Let $B'(a), B'(b), B'(a+b)$ be the number of ones encountered so far while performing the addition: that is, in the columns to the right of an imaginary vertical line.

Performing the addition from right to left, $B'(a+b)$ will continue to equal $B'(a)+B'(b)$ so long as we only encounter ${0\atop0}$ or ${0\atop1}$ or ${1\atop0}$.
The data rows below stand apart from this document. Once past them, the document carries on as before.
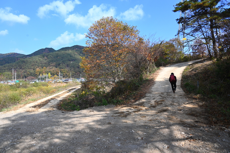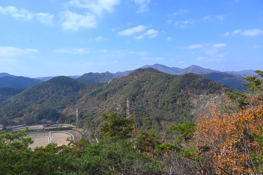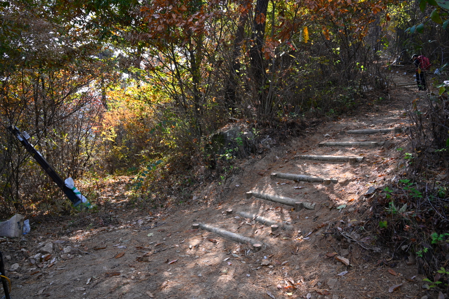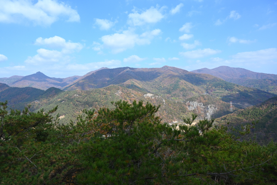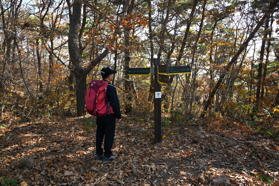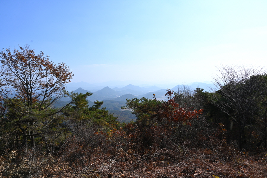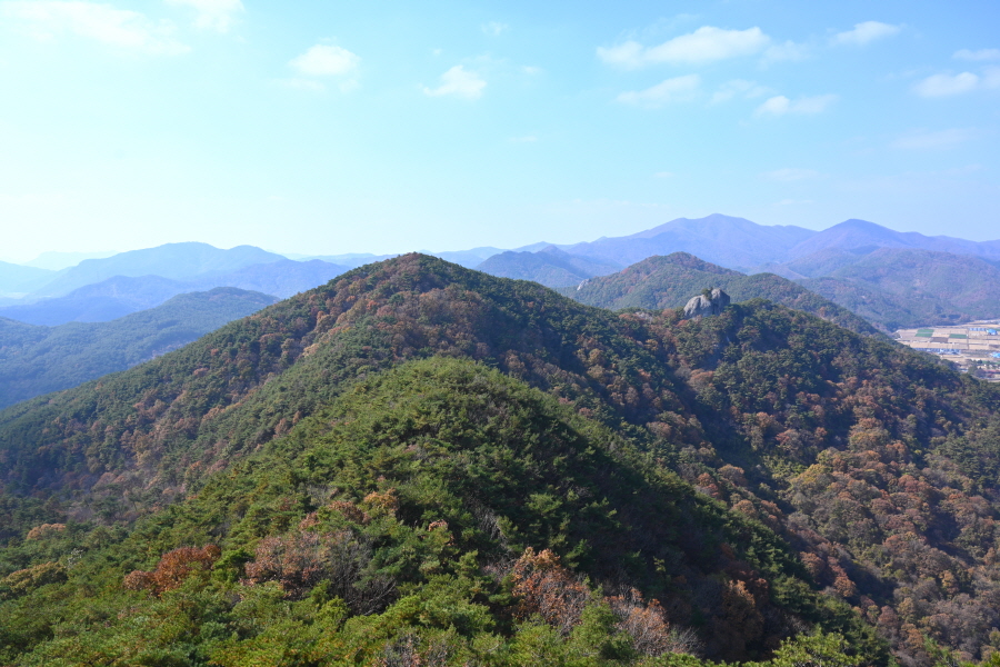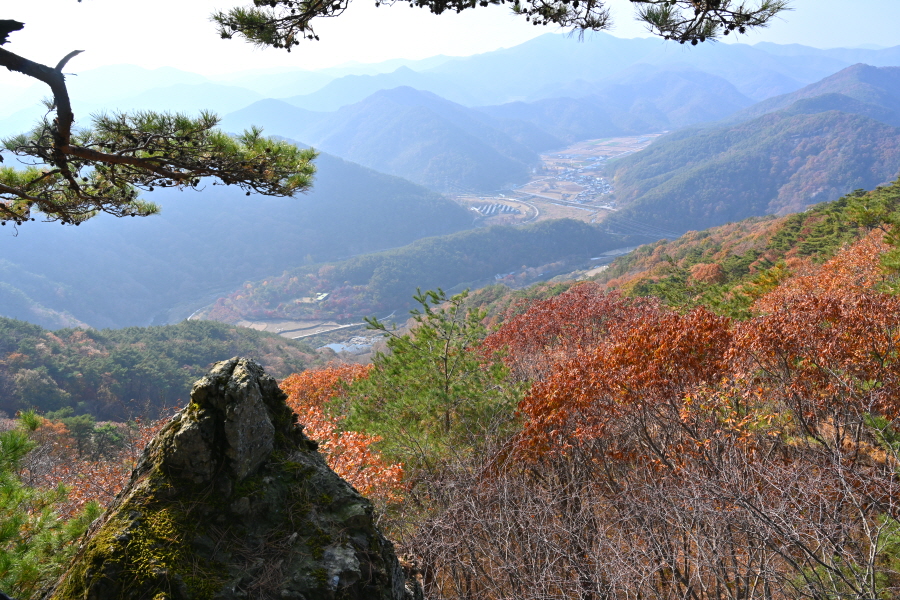 굴참나무와 소나무가 울창한 숲길이 이어집니다. 다시 나오는 갈림길에서 오른쪽으로 꺾어 가파른 통나무 계단을 올라 오래된 무덤을 지나갑니다. 집채만 한 바위를 돌아 능선에 올라서면 처음으로 조망이 열립니다.
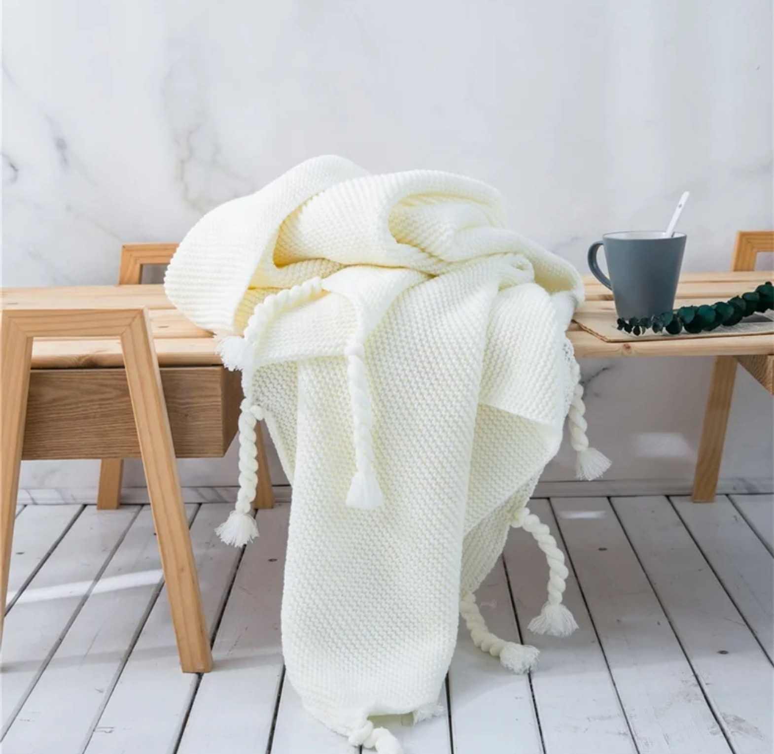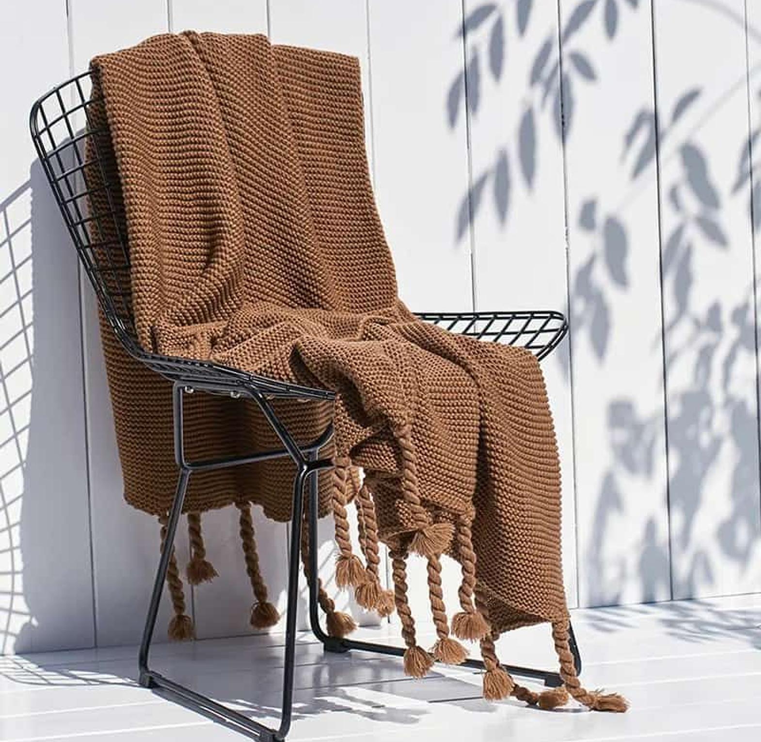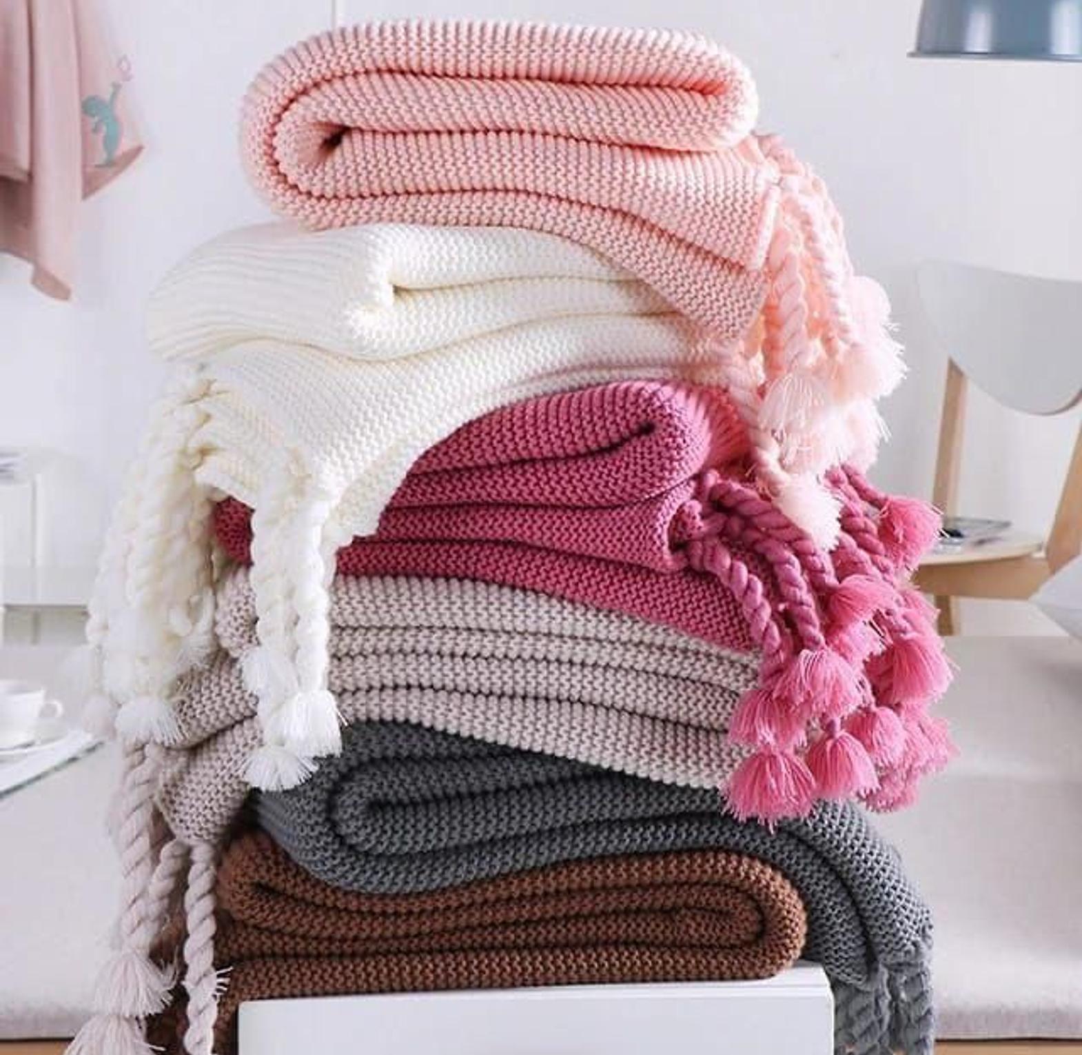 Available in a beautiful range of cozy tones—from neutrals to pastels and deep shades—each blanket features charming tassel detailing for a playful yet elegant finish.
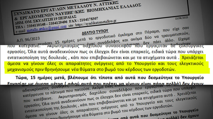 Πηγή: 902 Ούτε 24 ώρες δεν έχουν περάσει από την ανακοίνωση του Συνδικάτου Μετάλλου Αττικής και Ναυπηγικής Βιομηχανίας Ελλάδας που προειδοποιούσε ότι «χρειάζεται
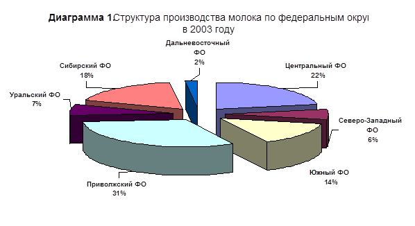 Таблица 1. Производство молока в Российской Федерации в разрезе федеральных округов в 2002-2003 гг. по данным Госкомстата России, тыс.т
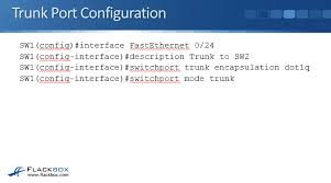 Configuring a Cisco trunk port enables a single physical interface to carry traffic for multiple VLANs between switches using 802.1Q encapsulation. Essential commands involve entering interface configuration mode, setting encapsulation to dot1q (if needed), and changing the port mode to trunk. Basic Trunk Configuration Commands text Switch# configure terminalSwitch(config)# interfaceSwitch(config-if)# switchport trunk encapsulation dot1q // Required…
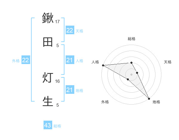 鍬田 灯生さんの外格は22画の1点!

As soon as we meet ${1\atop1}$, we have to write $0$ in the sum. This causes $B'(a+b)$ to start lagging by $2$. Then three things can happen:

• The next thing we have to add is $0\atop0$. Then we write down the carry bit, and from now on, things proceed in a carryless state (as though we were starting afresh to the left of the line), but with $B'(a+b)$ lagging by $1$.
• The next thing we have to add is $0\atop1$ or $1\atop0$. Then we have to write down another $0$ in the sum, so $B'(a+b)$ is lagging by an extra $1$.
• The next thing we have to add is $1\atop1$. Then we write down $1$ in the sum, so again $B'(a+b)$ is lagging by an extra $1$.

Sooner or later we reenter the carryless state, but if $B'(a+b)$ ever lags by $2$ or more, only one point can be restored; there is no way to make up the lost ground.